= Ibantu =

District in Oromia Region, Ethiopia

Ibantu is one of woredas in the Oromia Region of Ethiopia. Part of the East Welega Zone, Ibantu is bordered on the south by Limmu, on the west and north by the Benishangul-Gumuz Region, and on the east by Gida Kiremu. The administrative center of this woreda is Hinde.

== Overview ==
Important peaks in this district include Mount Charem and Mount Atebala. Rivers include the Moger, Welmel and Boye. Notable attractions include the Tarbi Cave and mount and Shara Falls. A survey of the land in this woreda shows that 64.4% is arable or cultivable, 10.7% pasture, 16.6% forest, and the remaining 8.3% are grouped under other uses. Coffee is an important cash crop of this woreda. Over 50 square kilometers are planted with this crop.

Industry in the district includes one grain mill. Extracted minerals include gold, granite and clay. There were 11 Farmers Associations. Ibantu has 30 kilometers of dry weather road and no all-weather road, for an average of road density of 32.3 kilometers per 1000 square kilometers. Since the completion of Hinde's water supply project in 1998, 6.2% of the total population has access to drinking water.
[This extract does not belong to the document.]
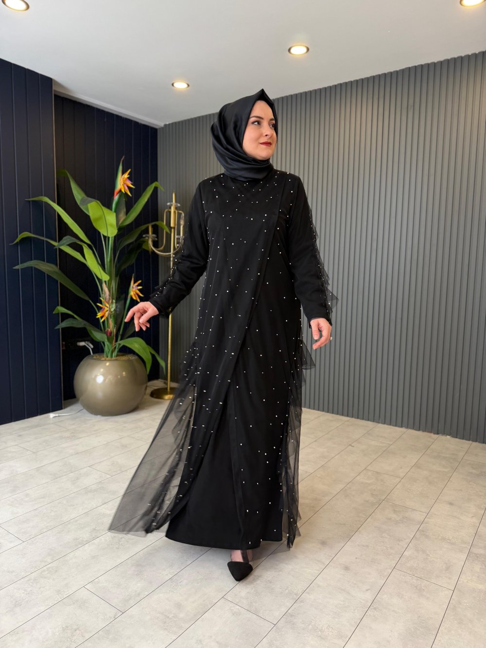İnci Detaylı Tül Elbise

This district was selected by the Ministry of Agriculture and Rural Development in 2004 as one of several areas for voluntary resettlement for farmers from overpopulated areas in the East Welega Zone. Together with Amuru Jarte, Bila Seyo, Gida Kiremu, Jimma Arjo, Limmu and Nunu Kumba, Ibantu became the new home for a total of 22,462 heads of households and 112,310 total family members.

== Demographics ==
The 2007 national census reported a total population for this district of 36,280, of whom 18,154 were men and 18,126 were women; 2,789 or 7.69% of its population were urban dwellers. The majority of the inhabitants observed Protestantism, with 79.95% reporting that as their religion, while 17.26% observed Ethiopian Orthodox Christianity.

Based on figures published by the Central Statistical Agency in 2005, this district has an estimated total population of 35,302, of whom 17,969 are men and 17,333 are women; 2,619 or 7.42% of its population are urban dwellers, which is greater than the Zone average of 13.9%. With an estimated area of 928.91 square kilometers, Ibantu has an estimated population density of 38 people per square kilometer, which is less than the Zone average of 81.4.

The 1994 national census reported a total population for this district of 25,252, of whom 12,454 were men and 12,798 women; 1,466 or 5.81% of its population were urban dwellers at the time. The two largest ethnic groups reported in Ibantu were the Oromo (98.52%), and the Amhara (1.12%); all other ethnic groups made up 1.17% of the population. Oromiffa was spoken as a first language by 99.34%. The majority of the inhabitants were Ethiopian Orthodox Christianity, with 79.07% of the population reporting they observed this belief, while 20.76% of the population said they were Protestant.